Underlining what a “great” and innovative team the charity has, Savage admits that saying goodbye to Stockdale – “a magnificent ambassador and advocate” – has meant “quite a change for the organisation”. Does she think the hiatus in replacing such a figure has lost the charity some ground?

“For the organisation, obviously, for a lot of people, they hadn’t known anybody else but David as the CEO,” Savage admits, and points out that Stockdale brought in Tinnitus UK’s ubiquitous Communications manager, Nic Wray, thirteen years ago. Wray is a strong and knowledgable consigliere to help the new CEO.

“We went through quite a change at that particular time as well in terms of restructuring and rebuilding our fundraising team, looking at where we focused in terms of our communications, but making sure also that we still had a real focus on our service delivery, because ultimately we are still here for people living with tinnitus, and we are still here to try and progress that route to find a cure, to find new management techniques, to help people to live well with the condition,” Savage continues.

The charity’s appeal this spring has centred on giving people hope that there a cure for tinnitus can be found, helping people know they can live well, says Savage. “I’m absolutely about driving forward that message and that support.

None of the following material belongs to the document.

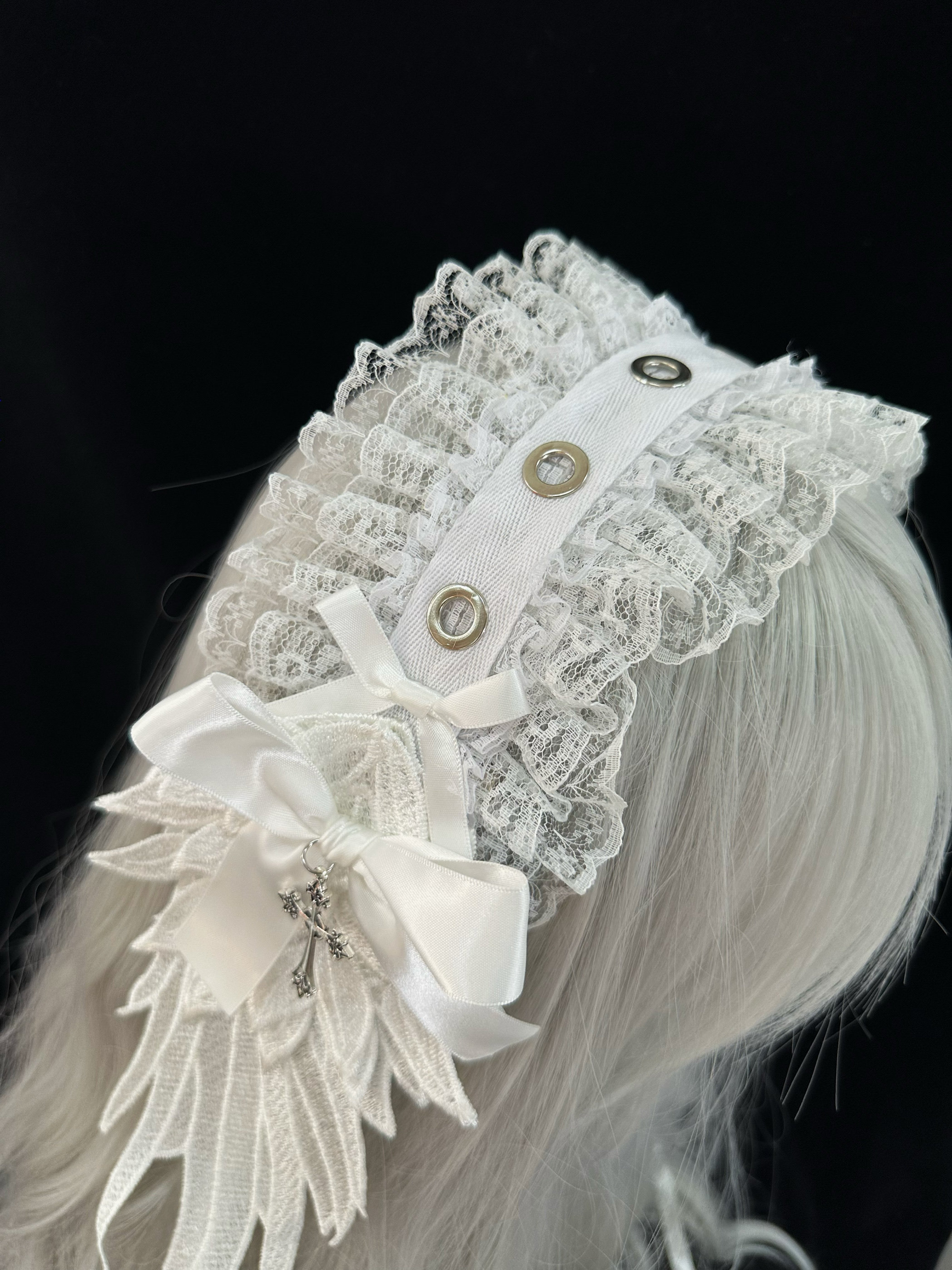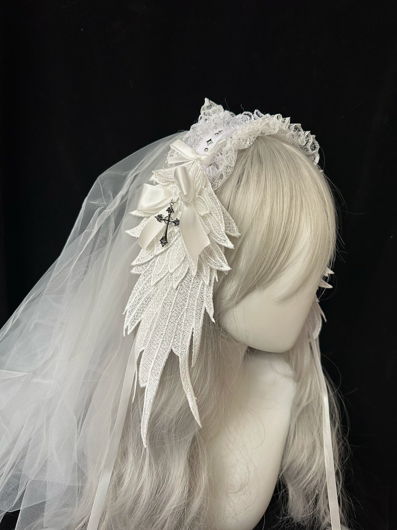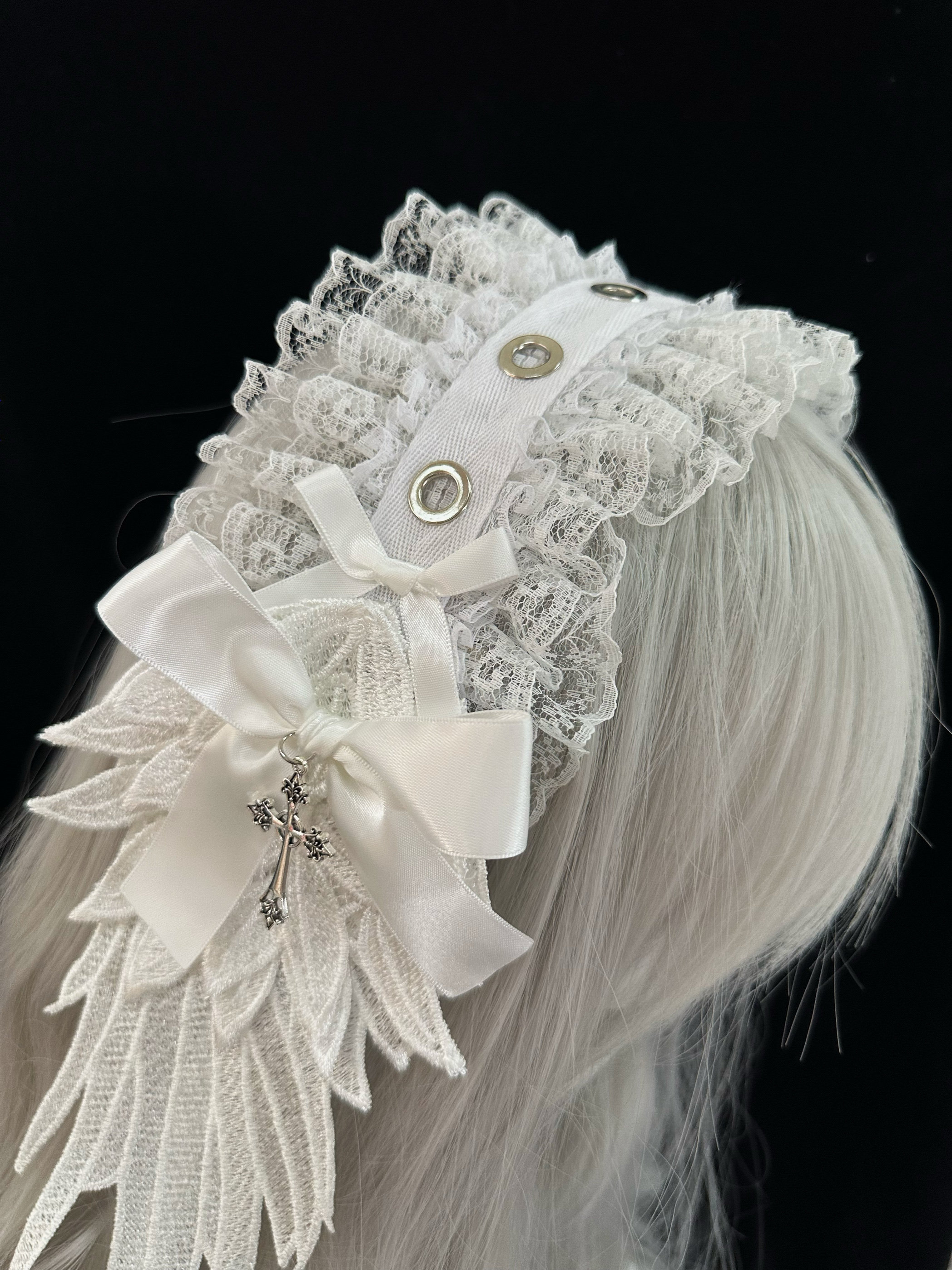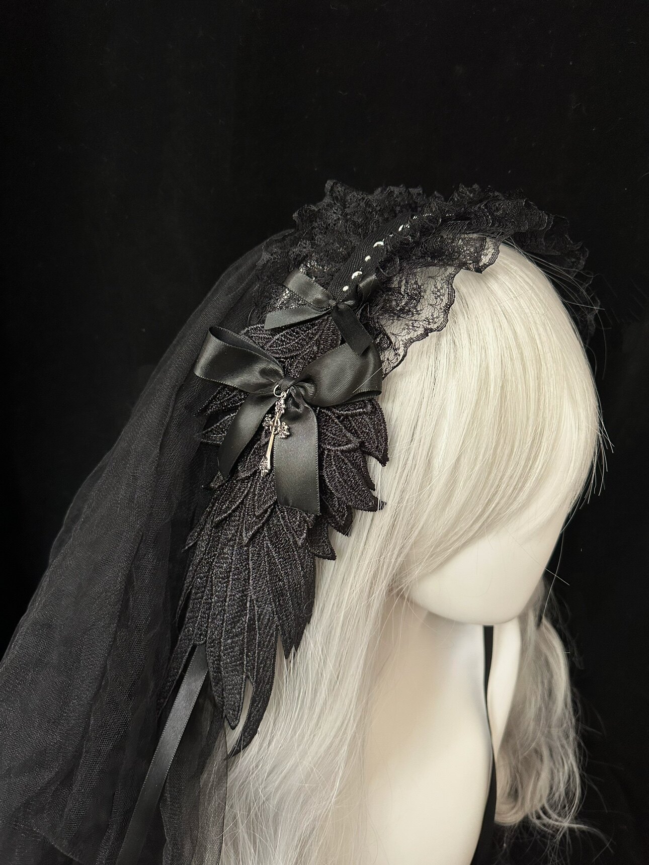 自制手作Lolita翅膀发带哥特暗黑天使头饰发饰羽毛十字架cosplay [Original Page Link]

We brought the team with us, you know, the team has understood we’ve had to go through some changes to prepare ourselves for the future. And let’s be fair, we’re not the only organisation that’s having to deal with an awful lot of challenges at the moment.”

 

Fundraising for tinnitus – there are no quick fixes

 

Thus committed to supporting people with tinnitus, the charity must find the readies to support itself, and to increase investment in research activity. “We are here to progress that route to research, so the big thing for me is that we look at how we raise more funds to do that. So one of the things I’ve been tasked with now by the trustees, as the new CEO, is to go away and review our current strategic plan, update it as necessary, and look at how to grow our funds,” says Savage.

Climbing that hill is tough for most charities, large or small, the new leader points out, acknowledging that Tinnitus UK operates in a smaller space to groups such as the Royal National Institute for Deaf People (RNID). Nevertheless, all charities have been hit by the pandemic, which dramatically slowed down grants of probate and distribution of estates.

Many charities depend on legacies for as much as seventy percent of their income. “That’s huge,” Savage exclaims. “For all those people, it’s a challenge to balance those books for that money to come through, but it’s also a challenge to try and diversify some of that income generation, to be able to look at other opportunities, to be able to grow and supplement your income in other ways.”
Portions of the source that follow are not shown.